On May 5, 2010, Carson ordered King to undergo an MRI in Florida, where she lives. That revealed a mass on King’s brain which “suggested” a tumor. A pre-operative radiology study conducted on July 1, 2010 revealed a “nodule” pressing on the left hemisphere of King’s brain. An analysis found that the mass pressing on King’s brain was foreign material and not a tumor.
According to the suit, Carson met with King and her family and “subsequently explained…that this material was a sponge that he had left in Mrs. King’s brain” during the April 10, 2008 surgery.
After experiencing pain after the July 2010 procedure, King went to Dr. Raymond Sekula the next month. Over the course of several other procedures she claimed she was relieved of facial pain.
In the suit, King alleges that Carson and other doctors committed medical malpractice by “deviat[ing] from the accepted standard of medical and surgical care.” She says that she must now avoid getting her ears wet and that her condition “precludes her from enjoying water sports.” She also suffers from permanent hearing loss and must use a specialized ear wax, she claims.
Carson responded Wednesday night to the National Enquirer’s report when asked about it in an interview with Fox News Radio’s Alan Colmes.
“My reaction is that I did 15,000 operations,” Carson said. “And the people who oppose me have been crawling through every ditch, every place I’ve ever been my whole life looking for stuff. They found five or six disgruntled people, that’s a very small number, and many of those cases never went anywhere, because the legal system said, ‘Are you kidding me?’ and threw it out.”
Carson then said that such litigation is “not for public discussion.” Like litigation in other industries, medical malpractice lawsuits often include non-disclosure agreements which prevent parties from discussing cases.
“I would probably find myself in some difficulty if I do begin to discuss that stuff publicly,” Carson continued, adding that “generally speaking there is no one who does the number of operations that I did who aren’t going to find some people who are going to be disgruntled.”
Colmes pressed Carson on the question of the sponge. The candidate responded, saying that “it is true that we put a certain type of sponge in to pad things away and sometimes there is a reaction to that sponge and that’s what happened.”

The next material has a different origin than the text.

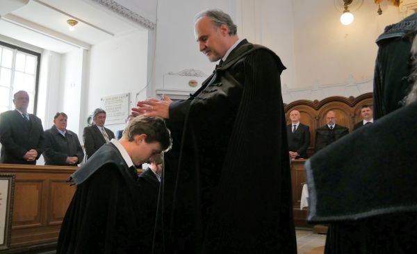 Máté László egyházkerületi lelkészi főjegyző vezetésével esküt tettek a felszentelés előtt álló lelkészek, majd térdre ereszkedve kapták meg az áldást életükre és szolgálataikra az espereseiktől.

A spokeswoman for Carson’s campaign clarified his comments for TheDC on Thursday. Ying Ma repeated Carson’s claims that the lawsuits were filed by “five or six disgruntled former patients.”

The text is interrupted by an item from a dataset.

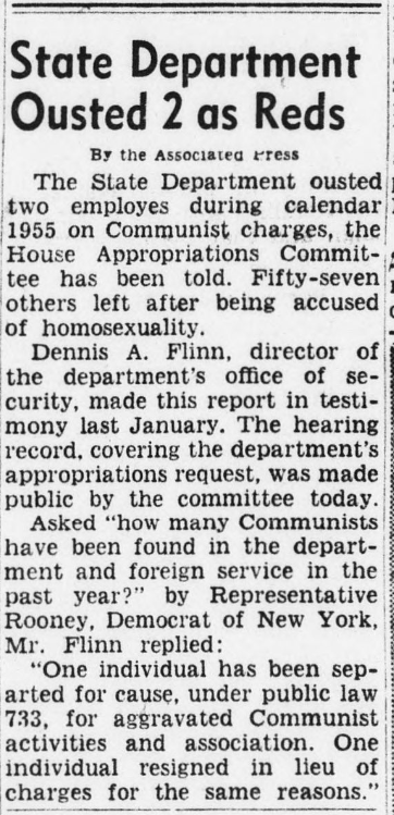 The Evening Star, a newspaper in Washington D.C., reports 2 ousted as communists and "Fifty-seven others left after being accused of homosexuality" (March 24, 1956).

“A lot of stories have implied that there was some kind of malfeasance involved,” Ma stated, adding that “that could not be further from the truth.”

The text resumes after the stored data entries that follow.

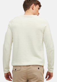 Homme debout portant un pull en tricot bleu clair, un pantalon ample gris foncé, des chaussures habillées noires et une seule boucle d'oreille à l'oreille gauche.
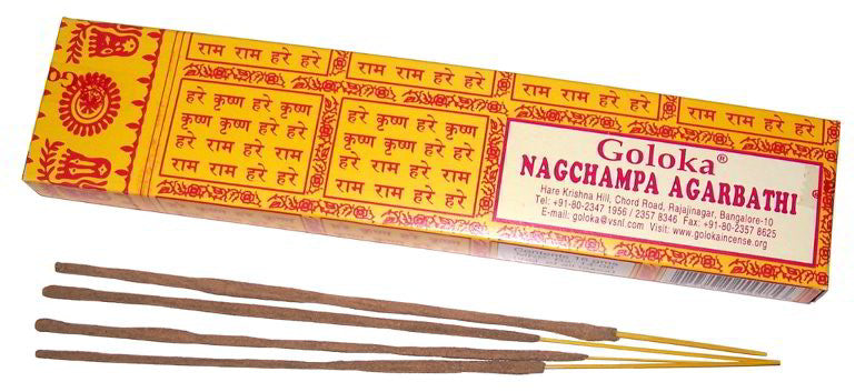 Goloka Incense is hand rolled in the Indian Incense Capital; Bangalore. As a traditionally made incense it contains only the finest organic ingredients and no animal products, even the packaging is 100% recycled. The Goloka Nag Champa Incense is said to be a lighter Nag Champa then the Satya version and some say that because of this it is more suited to meditation and prayer.
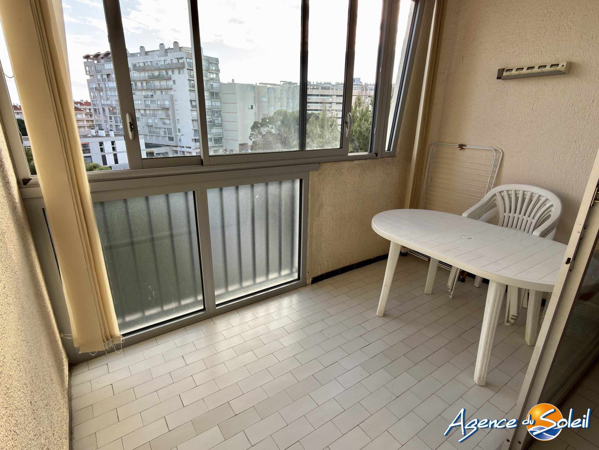 L'appartement se compose d'un hall d'entrée avec rangement, d'un séjour lumineux de 18 m² avec coin cuisine et climatisation réversible, prolongé par une loggia fermée de 6 m² exposée Est, offrant une vue dégagée avec aperçu mer.

Asked directly how King could be called “disgruntled” if Carson left foreign material inside of her during surgery, Ma disputed the premise stating that “there was no sponge left inadvertently in a patient’s brain.”
“Rather, cushioning was purposely placed in the patient as part of the procedure, and the patient had a reaction to it,” she said.
Reached by phone on Thursday, King’s husband said that neither he nor his wife would talk about the case. “Call over,” he told TheDC.
And indeed, King’s case against Carson appears to have gone nowhere.
On May 15, 2012, Maryland’s Alternative Dispute Resolution Office, which handled the case, dismissed charges against Carson, according to a document obtained by TheDC. The case was “dismissed without prejudice,” meaning that charges could potentially be brought in the future. In contrast, the resolution board allowed the case against Johns Hopkins and several other medical professionals to remain open.
It is unclear how that portion of the suit was resolved.